Could not find out why the mat1 from the convolutional network is 128x4 and not 4x128. The following is the convolutional network used:
model = torch.nn.Sequential(
torch.nn.Conv2d(2,32,kernel_size=3,padding=1),
torch.nn.ReLU(),
torch.nn.MaxPool2d(2,2),
torch.nn.Conv2d(32,64,kernel_size=3,padding=1),
torch.nn.ReLU(),
torch.nn.MaxPool2d(2,2),
torch.nn.Conv2d(64,128,kernel_size=3,padding=1),
torch.nn.ReLU(),
torch.nn.MaxPool2d(2,2,padding=1),
torch.nn.Flatten(),
torch.nn.Linear(128, 64),
torch.nn.ReLU(),
torch.nn.Linear(64,4)
)
The model training code is as follows:
epochs = 1000
losses = [] #A
for i in range(epochs): #B
game = Gridworld(size=size, mode='static') #C
# state_ = game.board.render_np().reshape(1,l1) + np.random.rand(1,l1)/10.0 #D
state_ = game.board.render_np() + np.random.rand(size,size)/10.0 #D
state1 = torch.from_numpy(state_).float() #E
print(state1.shape)
status = 1 #F
while(status == 1): #G
qval = model(state1) #H
qval_ = qval.data.numpy()
if (random.random() < epsilon): #I
action_ = np.random.randint(0,4)
else:
action_ = np.argmax(qval_)
action = action_set[action_] #J
game.makeMove(action) #K
state2_ = game.board.render_np().reshape(1,l1) + np.random.rand(1,l1)/10.0
state2 = torch.from_numpy(state2_).float() #L
reward = game.reward()
with torch.no_grad():
newQ = model(state2.reshape(1,l1))
maxQ = torch.max(newQ) #M
if reward == -1: #N
Y = reward + (gamma * maxQ)
else:
Y = reward
Y = torch.Tensor([Y]).detach()
X = qval.squeeze()[action_] #O
loss = loss_fn(X, Y) #P
print(i, loss.item())
clear_output(wait=True)
optimizer.zero_grad()
loss.backward()
losses.append(loss.item())
optimizer.step()
state1 = state2
if reward != -1: #Q
status = 0
if epsilon > 0.1: #R
epsilon -= (1/epochs)
The error log shown is:
torch.Size([2, 12, 12])
---------------------------------------------------------------------------
RuntimeError Traceback (most recent call last)

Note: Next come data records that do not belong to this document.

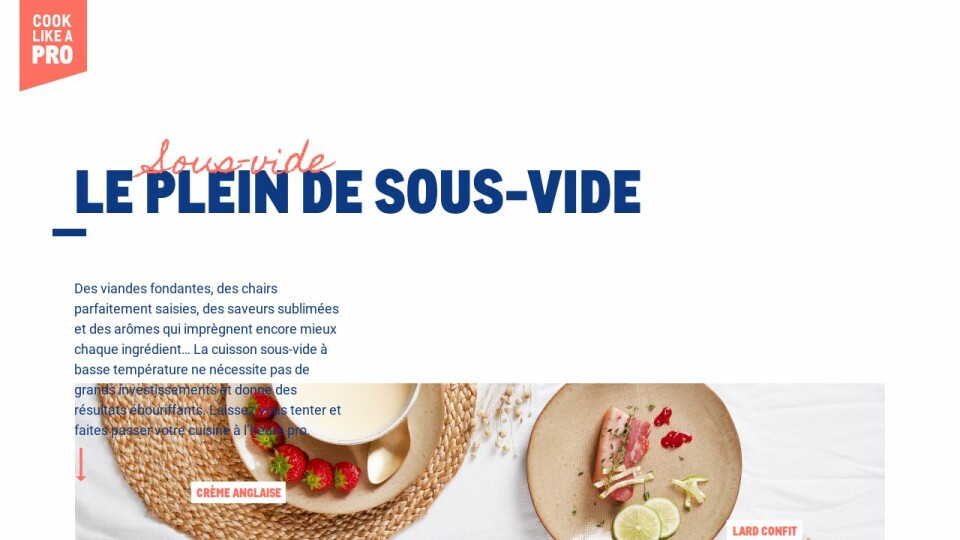 Des viandes fondantes, des chairs parfaitement saisies, des saveurs sublimées et des arômes qui imprègnent encore mieux chaque ingrédient… La cuisson sous-vide à basse température ne nécessite pas de grands investissements et donne des résultats ébouriffants. Laissez-vous tenter et faites passer votre cuisine à l’heure pro.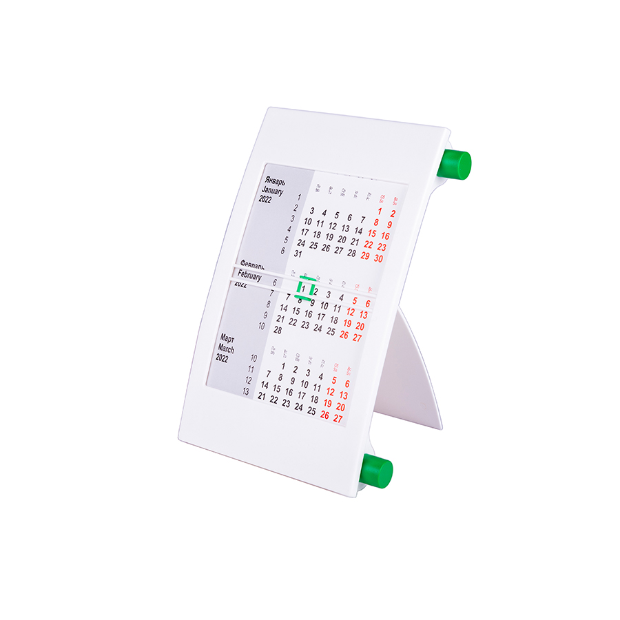 Календарь настольный на 2 года; белый с зеленым; 18х11 см; пластик; тампопечать, шелкография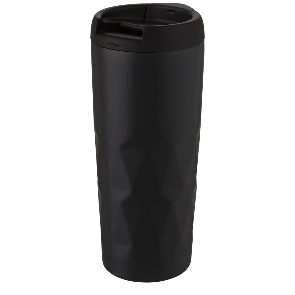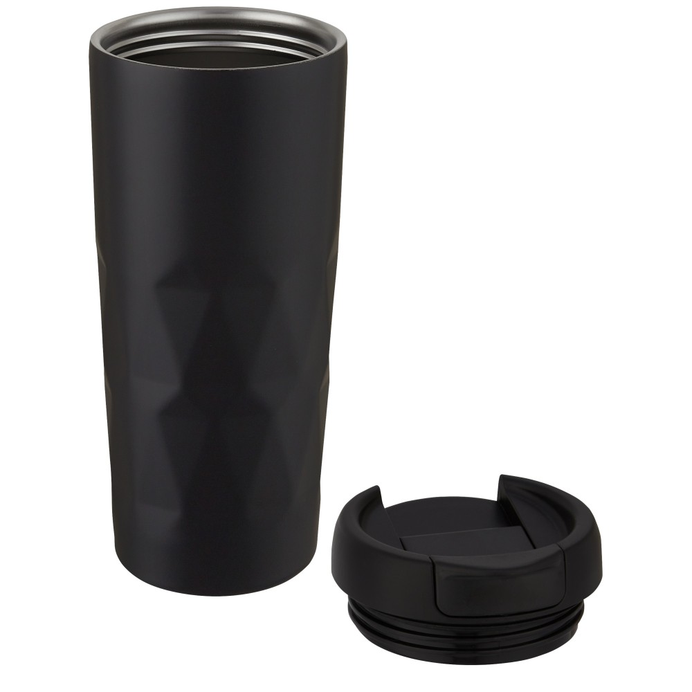 Duplafalú réz vákuumszigetelt pohár csavaros szivárgásmentes fedéllel, kifinomult geometriai kialakítással. A szigetelt 18/8-as rozsdamentes acél több órán keresztül melegen vagy hidegen tartja az italokat. BPA-mentes, a német élelmiszerbiztonsági törvény (LFGB) szerint tesztelt és jóváhagyott, és a REACH előírásai szerint ftaláttartalomra tesztelve. Űrtartalma 450 ml. Kézi mosogatása javasolt. Újrahasznosított karton díszdobozban. Emblémázás: Gravírozás, Tamponnyomás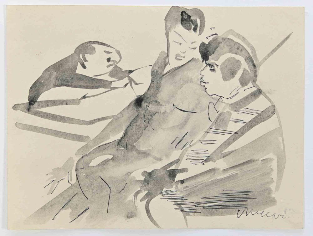 Tenderness is a pen and watercolor Drawing realized by Mino Maccari (1924-1989) in 1960s. Hand-signed on the lower margin. Good condition. Mino Maccari (Siena, 1924-Rome, June 16, 1989) was an Italian writer, painter, engraver and journalist, winner of the Feltrinelli Prize for Painting in 1963 and first winner of the Forte dei Marmi Satira Prize in 1973.After completing his secondary education, he enrolls in university. An interventionist like many young people of his time, he took part in the Great War at the age of nineteen as a field artillery officer. At the end of the conflict he resumed his university studies in Siena and in 1920 he graduated in law. In 1924 he was called by Angiolo Bencini to take care of the printing of the magazine Il Selvaggio, openly uncompromising fascist, revolutionary and anti-bourgeois, where his first engravings were published. After a few years of coexistence between work at the newspaper and the law firm, at the beginning of 1926 he left the legal profession to take over the direction of Il Selvaggio which he would hold until 1942. In 1928 he was the author of the small book published by Vallecchi (Florence), Il Trastullo di Strapaese (little songs and engraved woodwinds) which collected fascist songs (the same book was seized several times from Antonio Gramsci during his detention). with the transfer of the editorial staff of the Selvaggio in 1925 from Colle di Val d'Elsa to Florence, Maccari collaborated with Ardengo Soffici, Ottone Rosai and Achille Lega. In the meantime, between 1927 and 1930, he made himself known to the general public as a painter by participating in various national exhibitions. Also in 1930 Maccari works in Turin at La Stampa as editor-in-chief and has the writer Curzio Malaparte as director. His presence in the cultural and editorial world of the fascist regime is very intense, he writes and collaborates with various magazines: Quadrivio, L'Italia Letteraria, L'Italiano and Omnibus by Leo Longanesi; then, during the war, in il Primato di Bottai and, subsequently again, in Il Mondo di Pannunzio (from the first number, in 1949), up to Documento by Federigo Valli. His graphic production is also vast, ranging from the Album of Vallecchi (1925), Il trastullo di Strapaese (1928) to Linoleum (1931). Maccari illustrated in 1934 La vecchia del Bal Bullier by Antonio Baldini and in 1942 he published the Album folder, followed by Come quando fuori Piove and Il superfluo illustrata.For his pictorial work full of evident chromatic accentuations and fast brushstrokes, the violent drawing combined with the lively stroke of the graphic sign of his engravings, he is recognized by critics as a complete artist. In 1962 he was also entrusted with the presidency of the Accademia di San Luca in Rome and managed to obtain a personal exhibition at Gallery 63 in New York. His production of drawings, watercolors, temperas, etc. is endless, sometimes in collaboration with prestigious publishing houses; it is worth mentioning, just as an excellent example, the 32 b/w and color drawings with which he illustrated Il gusto di vivere, a volume that collects writings by Giancarlo Fusco, edited by Natalia Aspesi and published by Laterza in 1985. Maccari, Sienese and great contradaiolo della Torre, painted the Palio of 16 August 1970 won by Selva. In 1973 he was awarded the Political Satire Award of Forte dei Marmi, an award born in that year. He died without great fanfare, in silence, at the age of ninety, in Rome on June 16, 1989.

<ipython-input-22-d2f43f09fd01> in <module>()
74 status = 1 #F
75 while(status == 1): #G
---> 76 qval = model(state1) #H
77 qval_ = qval.data.numpy()
78 if (random.random() < epsilon): #I
3 frames
/usr/local/lib/python3.7/dist-packages/torch/nn/modules/linear.py in forward(self, input)
101
102 def forward(self, input: Tensor) -> Tensor:
--> 103 return F.linear(input, self.weight, self.bias)
104
105 def extra_repr(self) -> str:
RuntimeError: mat1 and mat2 shapes cannot be multiplied (128x4 and 128x64)
mat1 should be the output of the convolutional network after it is flattened, and mat2 is the linear network following it. Appreciate any help. Thanks!